**Exercise goal:**
Without the pictures, copy the entries below word for word.

- - -

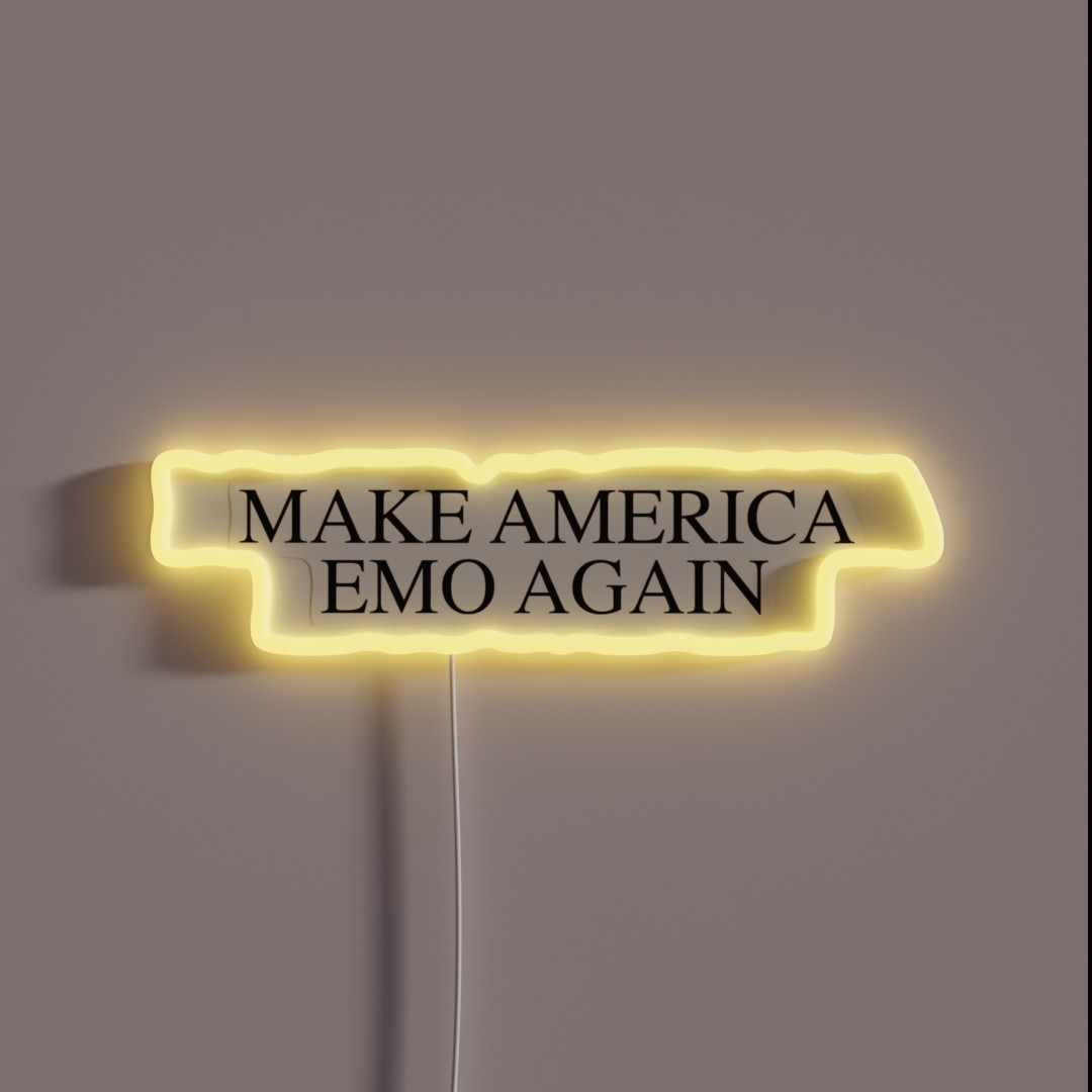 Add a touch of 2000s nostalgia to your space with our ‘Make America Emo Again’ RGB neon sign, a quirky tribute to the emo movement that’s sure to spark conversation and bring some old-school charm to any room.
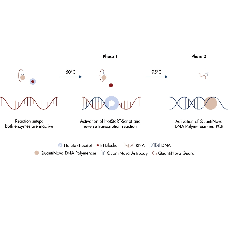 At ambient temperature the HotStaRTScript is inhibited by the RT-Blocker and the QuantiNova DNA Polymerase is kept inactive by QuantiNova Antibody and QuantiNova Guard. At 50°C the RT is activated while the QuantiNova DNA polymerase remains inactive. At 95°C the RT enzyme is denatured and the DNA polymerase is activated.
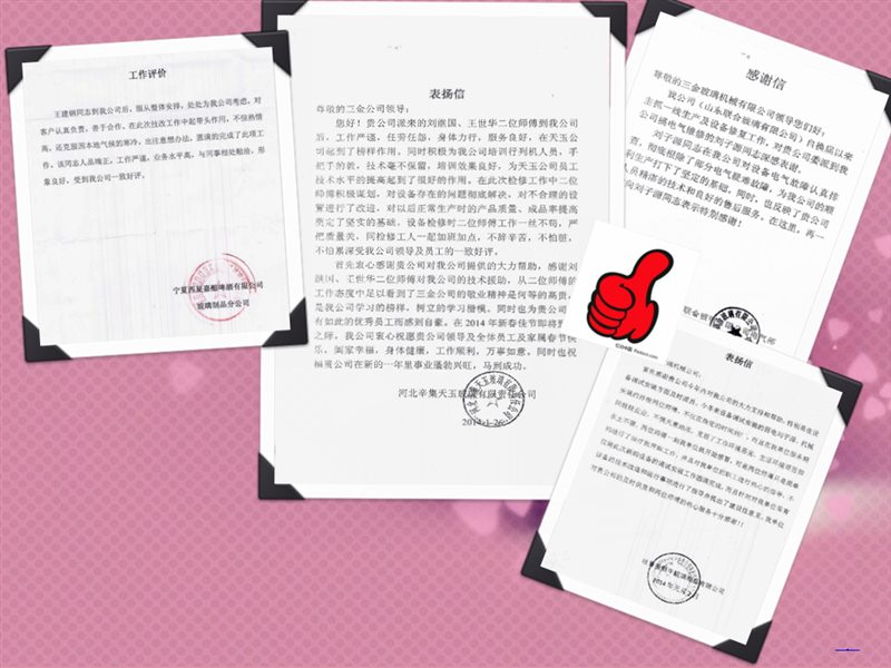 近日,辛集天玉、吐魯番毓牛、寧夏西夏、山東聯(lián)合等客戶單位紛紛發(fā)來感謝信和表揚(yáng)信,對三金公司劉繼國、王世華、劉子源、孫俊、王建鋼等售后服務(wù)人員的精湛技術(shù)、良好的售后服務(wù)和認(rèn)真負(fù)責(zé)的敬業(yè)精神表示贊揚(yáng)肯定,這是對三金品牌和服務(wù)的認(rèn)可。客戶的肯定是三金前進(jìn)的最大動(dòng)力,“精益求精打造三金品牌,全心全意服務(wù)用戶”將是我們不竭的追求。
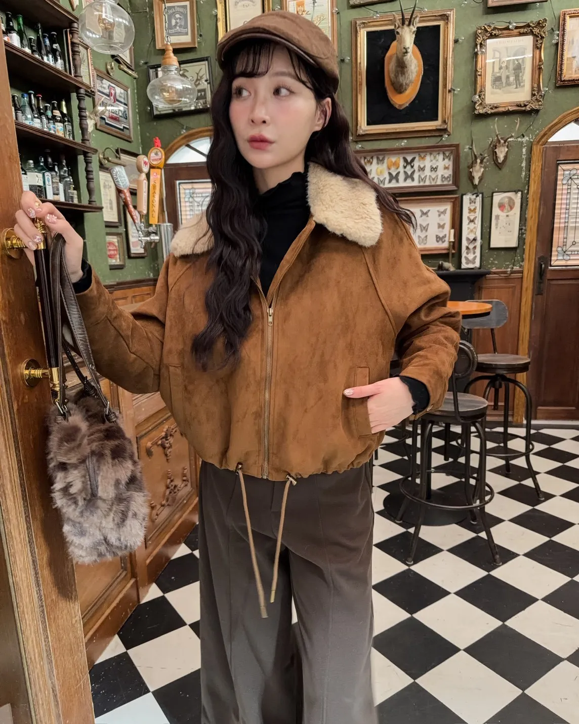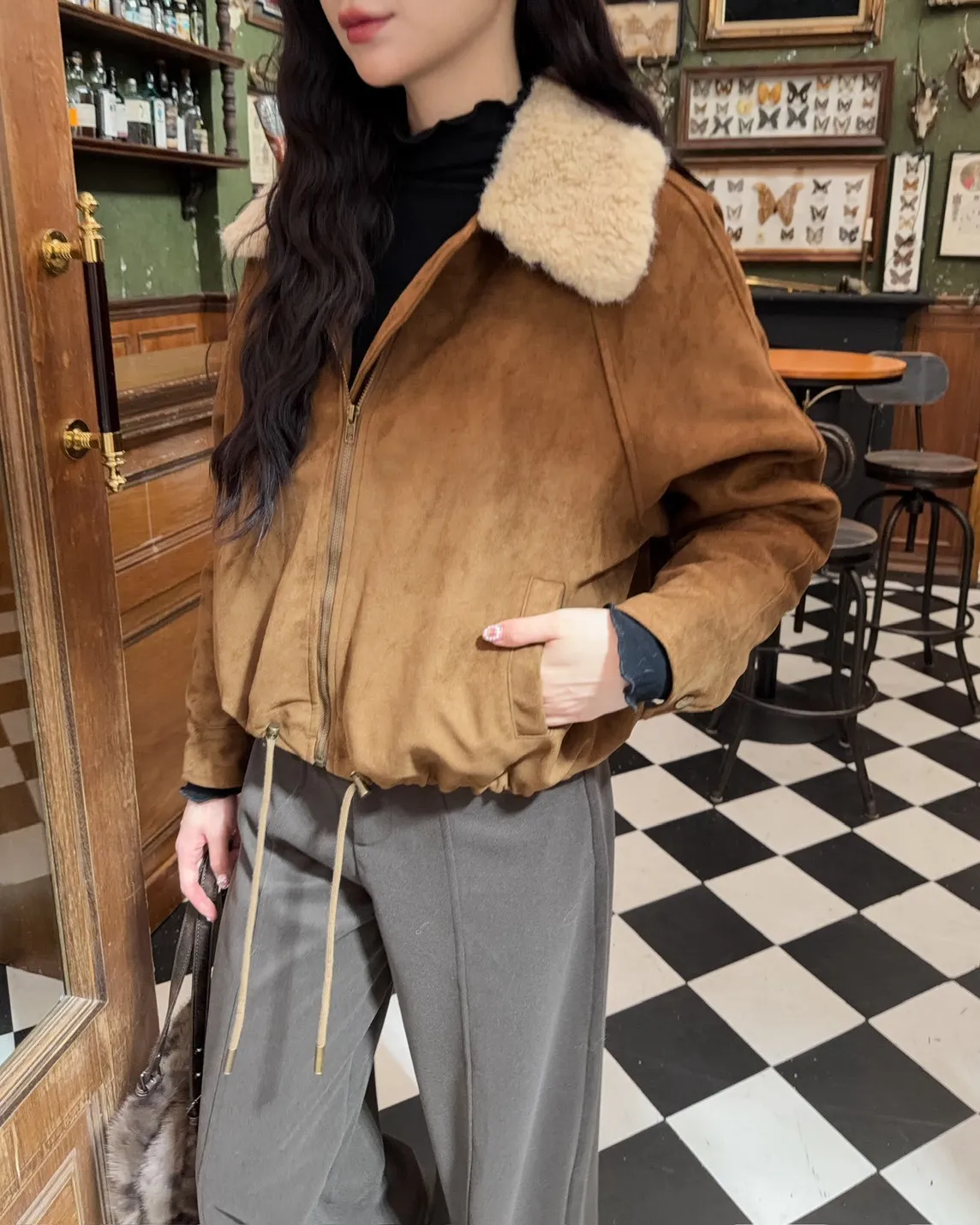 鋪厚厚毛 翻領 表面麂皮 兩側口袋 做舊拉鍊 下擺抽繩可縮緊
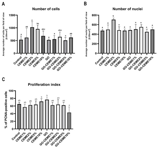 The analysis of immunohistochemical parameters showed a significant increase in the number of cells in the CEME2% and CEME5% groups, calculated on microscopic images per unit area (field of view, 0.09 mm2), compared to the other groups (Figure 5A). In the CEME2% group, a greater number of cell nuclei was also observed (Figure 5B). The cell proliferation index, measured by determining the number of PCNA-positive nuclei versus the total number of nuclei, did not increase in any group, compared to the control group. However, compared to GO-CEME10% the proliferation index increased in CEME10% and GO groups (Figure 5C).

- - -

**Finished exercise:**
 Add a touch of 2000s nostalgia to your space with our ‘Make America Emo Again’ RGB neon sign, a quirky tribute to the emo movement that’s sure to spark conversation and bring some old-school charm to any room.
 At ambient temperature the HotStaRTScript is inhibited by the RT-Blocker and the QuantiNova DNA Polymerase is kept inactive by QuantiNova Antibody and QuantiNova Guard. At 50°C the RT is activated while the QuantiNova DNA polymerase remains inactive. At 95°C the RT enzyme is denatured and the DNA polymerase is activated.
 近日,辛集天玉、吐魯番毓牛、寧夏西夏、山東聯(lián)合等客戶單位紛紛發(fā)來感謝信和表揚(yáng)信,對三金公司劉繼國、王世華、劉子源、孫俊、王建鋼等售后服務(wù)人員的精湛技術(shù)、良好的售后服務(wù)和認(rèn)真負(fù)責(zé)的敬業(yè)精神表示贊揚(yáng)肯定,這是對三金品牌和服務(wù)的認(rèn)可。客戶的肯定是三金前進(jìn)的最大動(dòng)力,“精益求精打造三金品牌,全心全意服務(wù)用戶”將是我們不竭的追求。
 鋪厚厚毛 翻領 表面麂皮 兩側口袋 做舊拉鍊 下擺抽繩可縮緊
 The analysis of immunohistochemical parameters showed a significant increase in the number of cells in the CEME2% and CEME5% groups, calculated on microscopic images per unit area (field of view, 0.09 mm2), compared to the other groups (Figure 5A). In the CEME2% group, a greater number of cell nuclei was also observed (Figure 5B). The cell proliferation index, measured by determining the number of PCNA-positive nuclei versus the total number of nuclei, did not increase in any group, compared to the control group. However, compared to GO-CEME10% the proliferation index increased in CEME10% and GO groups (Figure 5C).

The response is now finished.